My universal answer is: no.  It is not weird at all.  It may be statistically uncommon, but who cares?  High intelligence and the ability to throw a 95-mile-per-hour fastball are statistically uncommon, too.  There's nothing wrong with this.  If we were all identical, the world would not be nearly so interesting.

Writer Ann Lamott once said, "Nobody knows what you really want except you, and no one will be as sorry as you if you don't get it" (she was quoting from a letter one of her teachers had written to her, and the teacher was quoting Lillian Hellman).  Lamott was talking about writing, but I think the same thing applies to relationships.  No one knows who really makes you happy except you. 
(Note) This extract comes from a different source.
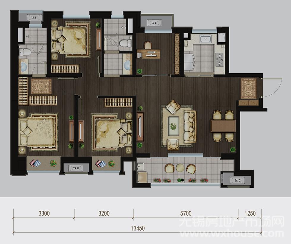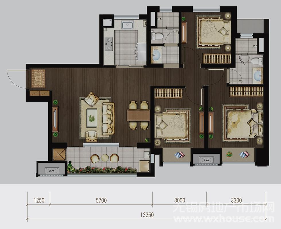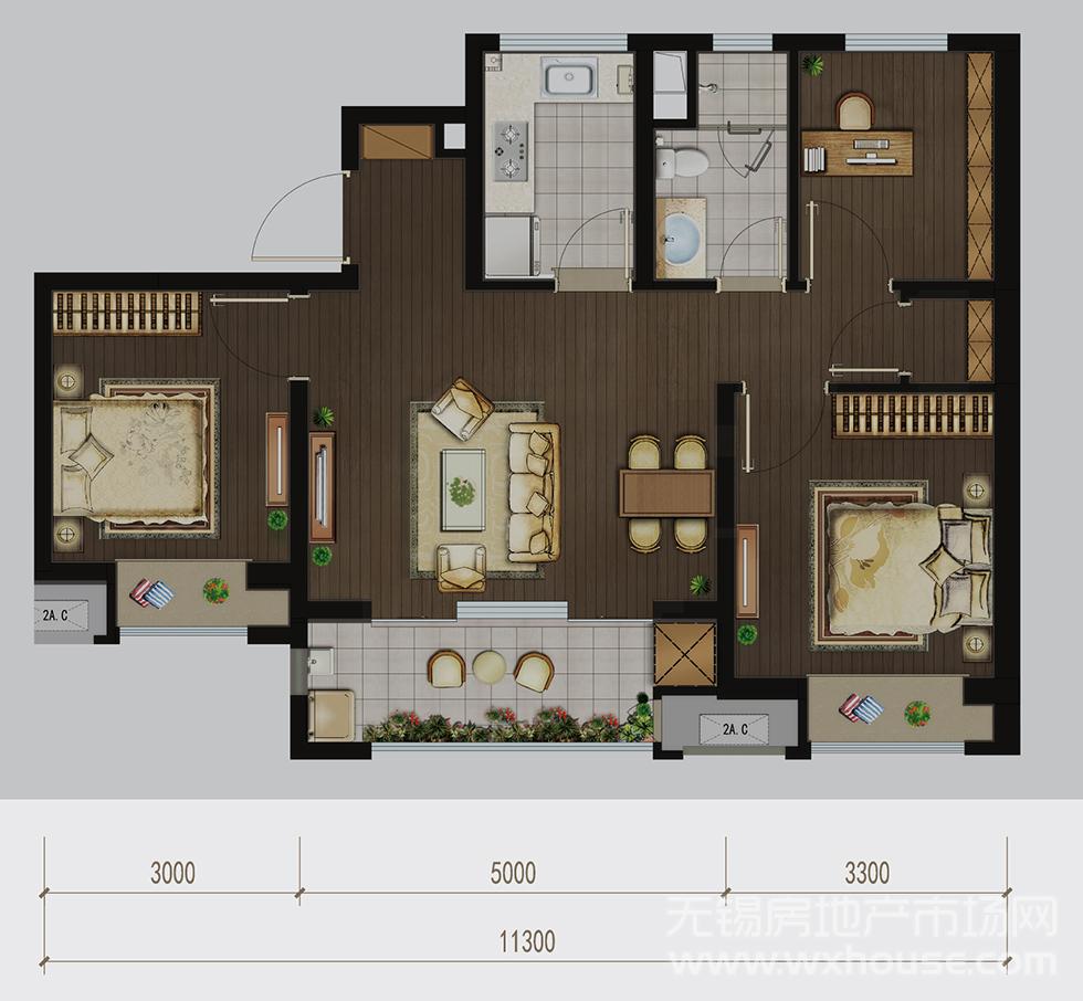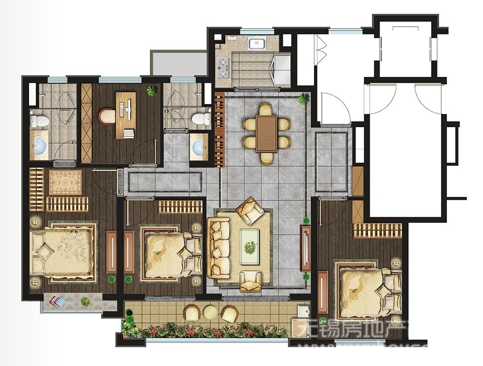 3室2厅2卫 建筑面积约:115.0㎡茗望户型
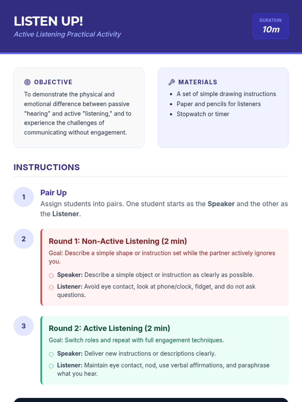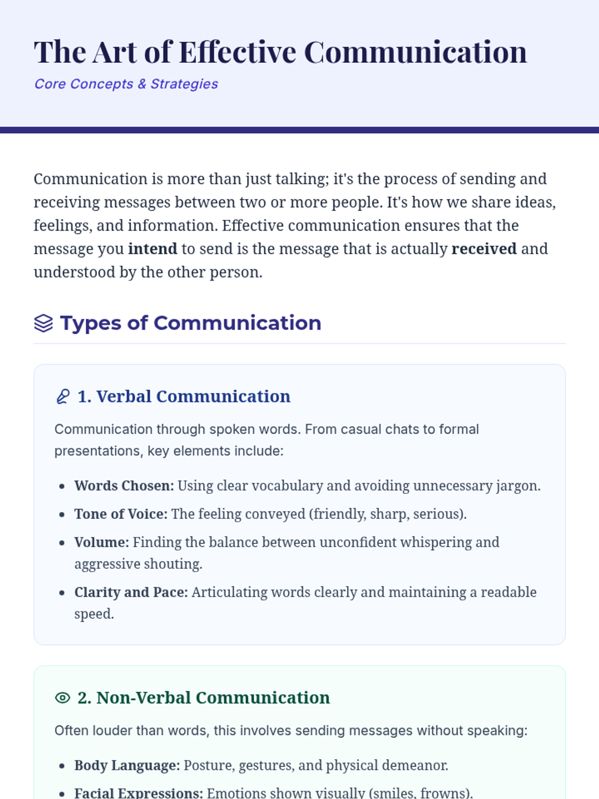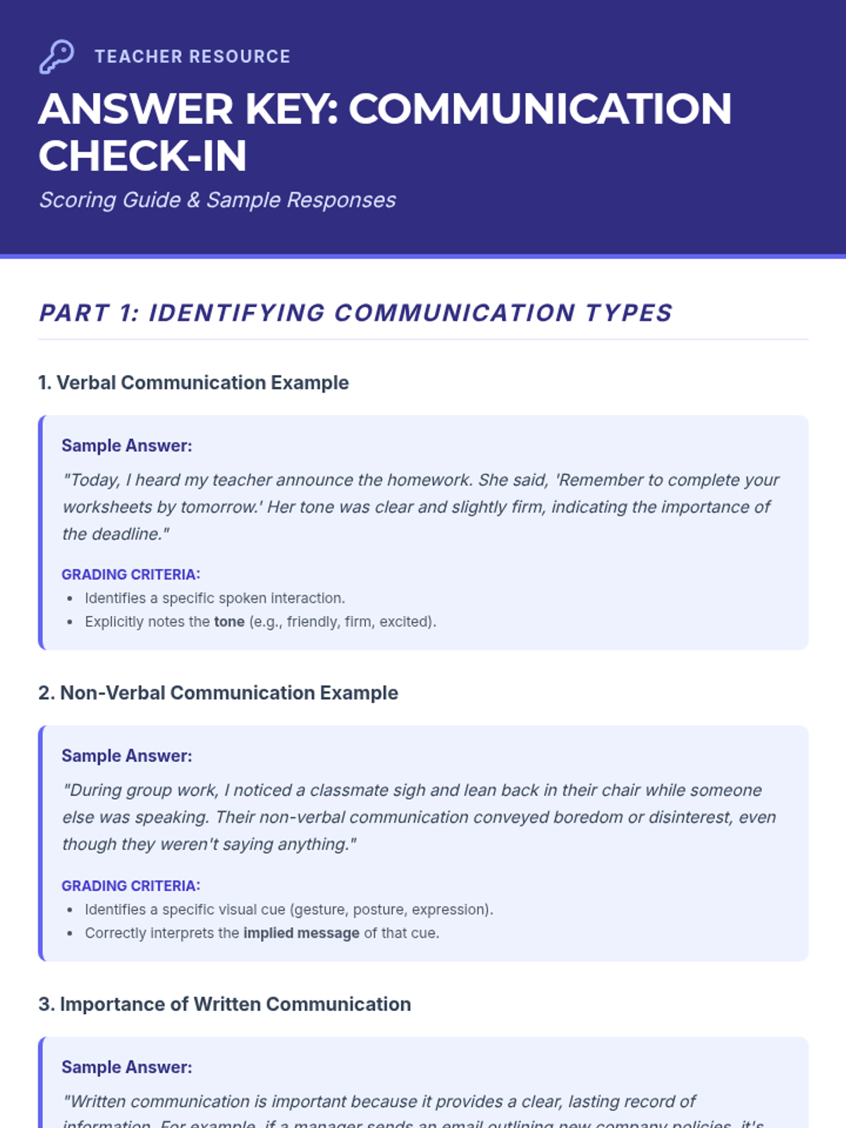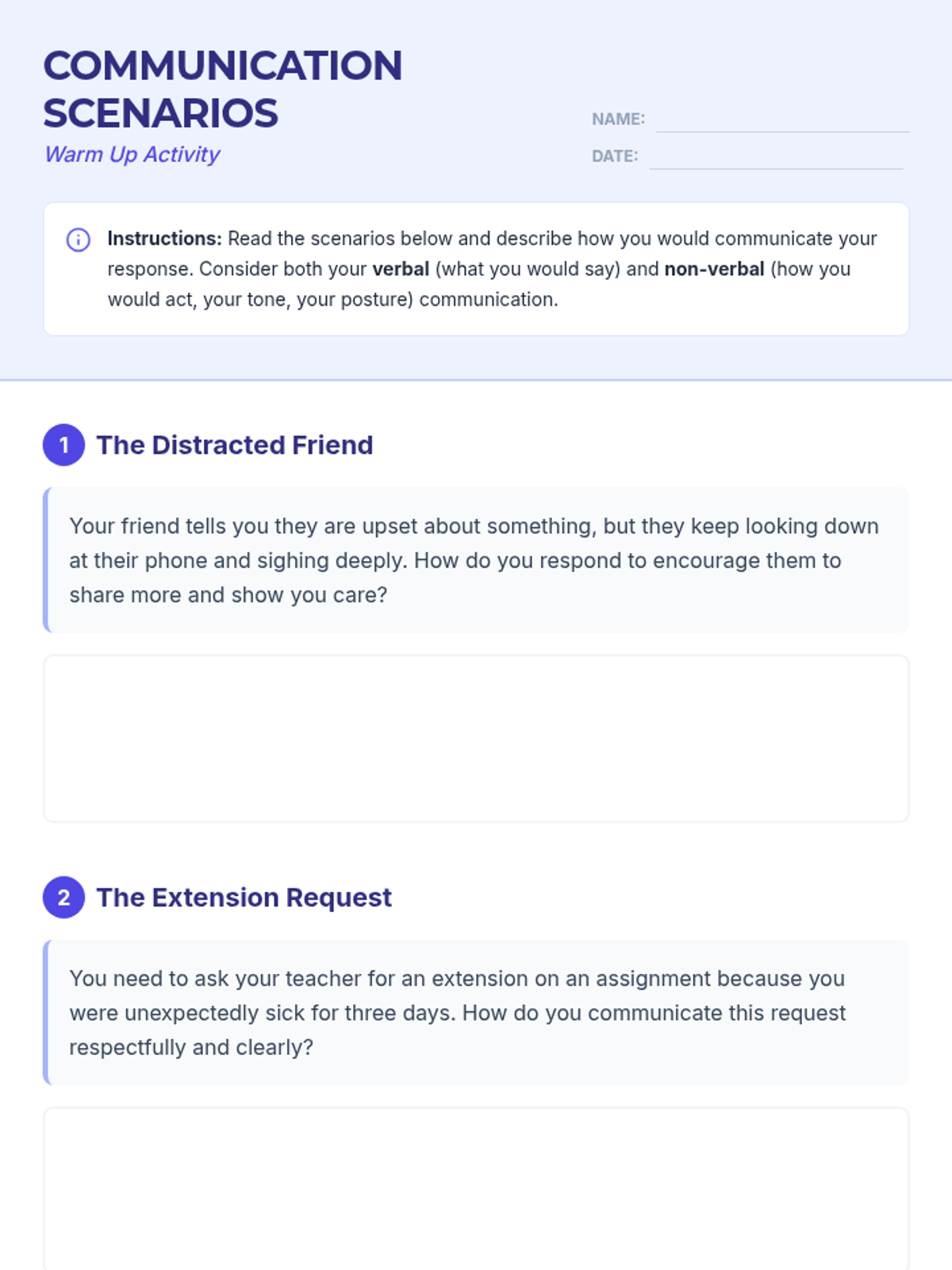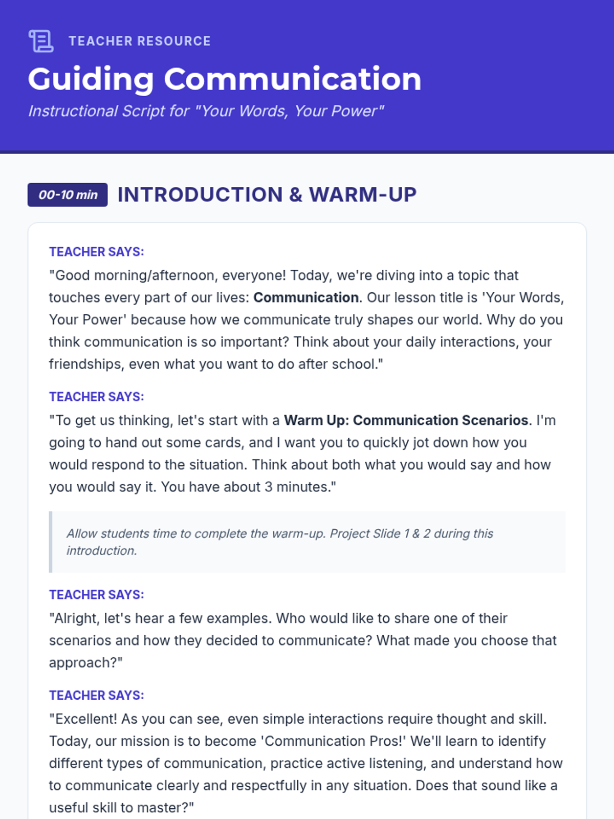 A 60-minute lesson empowering students with verbal, non-verbal, and written communication skills essential for academic and professional success.

If--for whatever reason--you're only attracted to trans men, but date cis men because you think you "should," I can imagine a number of possible advantages.  It's easier socially (in most places), the dating pool is larger, and you never have to explain the trans thing to your parents.  But are these things worth dating someone who doesn't make your heart quicken? 

When it comes down to it, what really matters in a relationship are the micro-interactions you have with that person: the inside jokes, the intimate moments, the quiet moments, the indefinable something that draws you to that person.  You can't fake it.  And you can't conjure it if it's not really there.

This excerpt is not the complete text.